- Material to process -
************

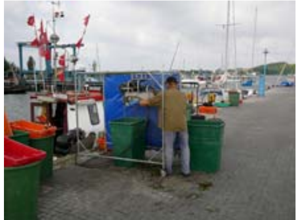
Maandag 31 juli – Thiessow – wind!!! (landdag)

Goeie wind, eindelijk. Dilemma, zeilen of toch wat van het landschap gaan zien. We tellen onze knopen en besluiten toch te gaan fietsen, als het vandaag waait, waarom zou het dan morgen ook niet kunnen waaien.
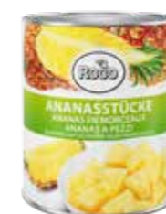
Ananasstücke 6 Dosen à 3,06 kg Art.-Nr. 6244.110
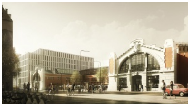
Targ wraca do Hali Koszyki
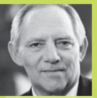
Festvortrag des Bundesministers des Innern Dr. Wolfgang Schäuble
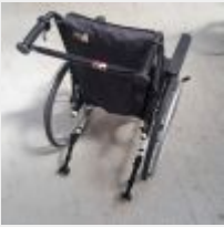
Lot n° 48 Fauteuil roulant manuel STYLE X Ultra T43 Mise à prix : 300€
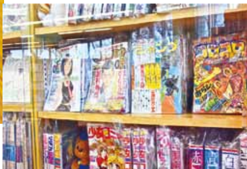
貴重資料コーナーには、ジャンプやコロコロコミックスの創刊号なども並んでいた。
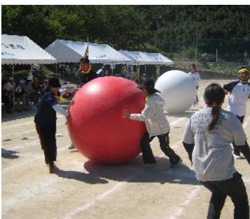
大玉転がしでは転倒者続出!
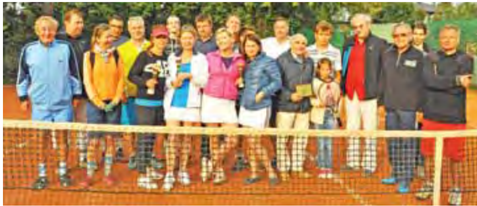
Uczestnicy turnieju tenisowego w Łowiczu.

Rywalizacja tenisistów była momentami bardzo wyrównana i zacięta. Zawodnicy podzieleni zostali na cztery grupy i tylko mistrzowie grup awansowali do półfinałów. Turniej pokazał, że tenis to sport wielopokoleniowy. W grupach rywalizowali młodzi zawodnicy z dużo starszymi gra-
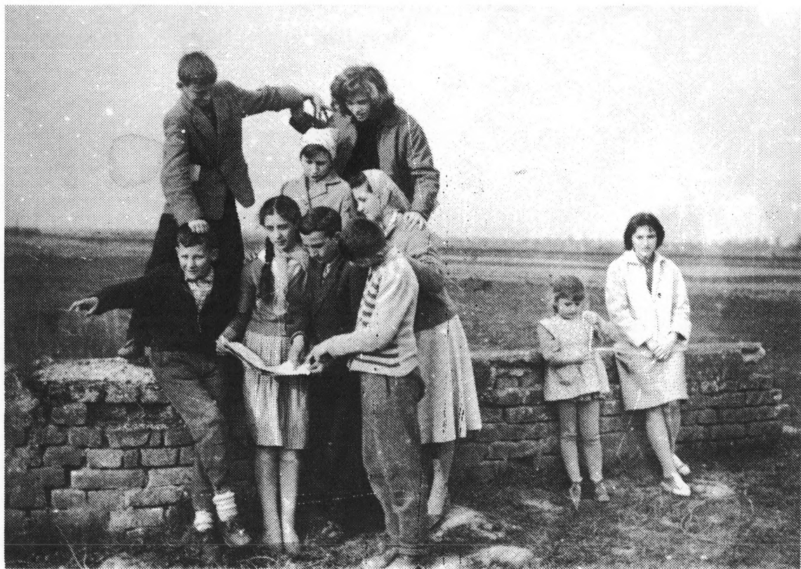
Scenarijska ekipa Pionirske filmske grupe na terenu za snimanja igranog filma »Crna mačka« 1960.

snima se!« iz Beograda i »TRI NAŠE PRIČE« iz PITO-MAČE. Emitiranje je izvršeno 3. lipnja 1961. a u studiju RTV Beograd su sudjelovale Nada Čerepinko i Biserka Kolarević, i to uživo, jer još nije bilo magnetoskopa.

************

- Task directions -
Return all of the data exactly as written, and drop the pictures.

- Finished task -
Maandag 31 juli – Thiessow – wind!!! (landdag)

Goeie wind, eindelijk. Dilemma, zeilen of toch wat van het landschap gaan zien. We tellen onze knopen en besluiten toch te gaan fietsen, als het vandaag waait, waarom zou het dan morgen ook niet kunnen waaien.
Ananasstücke 6 Dosen à 3,06 kg Art.-Nr. 6244.110
Targ wraca do Hali Koszyki
Festvortrag des Bundesministers des Innern Dr. Wolfgang Schäuble
Lot n° 48 Fauteuil roulant manuel STYLE X Ultra T43 Mise à prix : 300€
貴重資料コーナーには、ジャンプやコロコロコミックスの創刊号なども並んでいた。
大玉転がしでは転倒者続出!
Uczestnicy turnieju tenisowego w Łowiczu.

Rywalizacja tenisistów była momentami bardzo wyrównana i zacięta. Zawodnicy podzieleni zostali na cztery grupy i tylko mistrzowie grup awansowali do półfinałów. Turniej pokazał, że tenis to sport wielopokoleniowy. W grupach rywalizowali młodzi zawodnicy z dużo starszymi gra-
Scenarijska ekipa Pionirske filmske grupe na terenu za snimanja igranog filma »Crna mačka« 1960.

snima se!« iz Beograda i »TRI NAŠE PRIČE« iz PITO-MAČE. Emitiranje je izvršeno 3. lipnja 1961. a u studiju RTV Beograd su sudjelovale Nada Čerepinko i Biserka Kolarević, i to uživo, jer još nije bilo magnetoskopa.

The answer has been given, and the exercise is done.